Labor Day

Labor Day is one of the dumbest holidays we celebrate.  Don’t worry, Sweetest Day, you’re still number one.  If anyone gave a damn about trees, Arbor Day would have you though.  It was started by unions and quickly recognized by Grover Cleveland to appease them.  Sounds like a commie conspiracy…  Ironically, now mostly unemployed white trash celebrate this day with cookouts and Keystone 30 packs.  I know, they live all around me.  I am from Appalachia, but even I have standards.  I was behind a guy at the gas station w/ a bar code tatty on his neck.  “What is that for?”  He turned and said, “That’s the bar code for a pack of Marlboros.”  I wish I made that up.

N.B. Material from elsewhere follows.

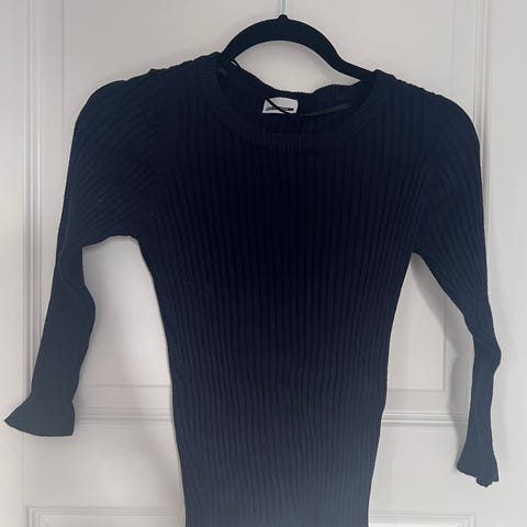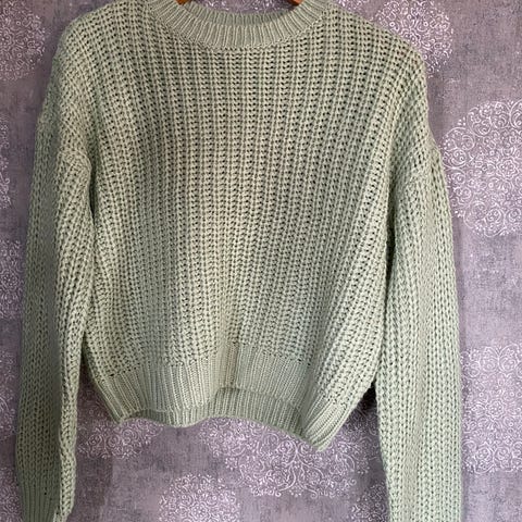 Tykk og myk strikkegenser i frisk grønn farge med grov struktur. Kortere modell med rund hals og lange ermer – perfekt til høst og vinter.

The other dumb thing about Labor Day is that there are so many awesome days we don’t celebrate.  What about Bill of Rights Day (December 15th)?  Alright, that’s my birthday, so I have a vested interest in that one.  Or perhaps celebrating the repeal of Prohibition?  Can you believe this was an amendment to the US Constituition?  The abolition of alcohol sales?  Ending slavery forever, great!  Term limits for the president, good!  Getting rid of booze, fantast…wait a minute, what in the hell did you say?  I would have loved to have been on the floor of the Capitol for that debate.  It would have been an alcoholic “Mr. Smith goes to Washington” moment.  Homeless men would stand on street corners and echo my famous lines as urine spots in their torn pants grew larger with every word.  Frat guys would have posters of me on their walls next to stolen “No Dumping” signs.  I would have been the Braveheart of alkies.  Oh, to have been born in a different era.  Actually, I would have got drunk, passed out, and missed the debate.  Damn you, alcohol.

3 Replies to “Labor Day”

  1. That sounds like the perfect tattoo for Chris and I’s long time buddy Honk.(unless lymphoma has a bar code) While I concur that Sweetest Day is by far the most stupid holiday, I can’t believe you are dogging Labor Day. Don’t try to act like you have never bought a 30 pack of ‘Stones and got wasted. (just because it was a random Wednesday, let alone a national holiday) You can’t pull the wool over my eyes Captain Alcoholism.

  2. Always thought I was the only one who noticed the whole onslaught of white trash on Labor Day…so thanks for helping me feel a little less alone in my observations. The tattoo? That’s an all time low – even for the WT.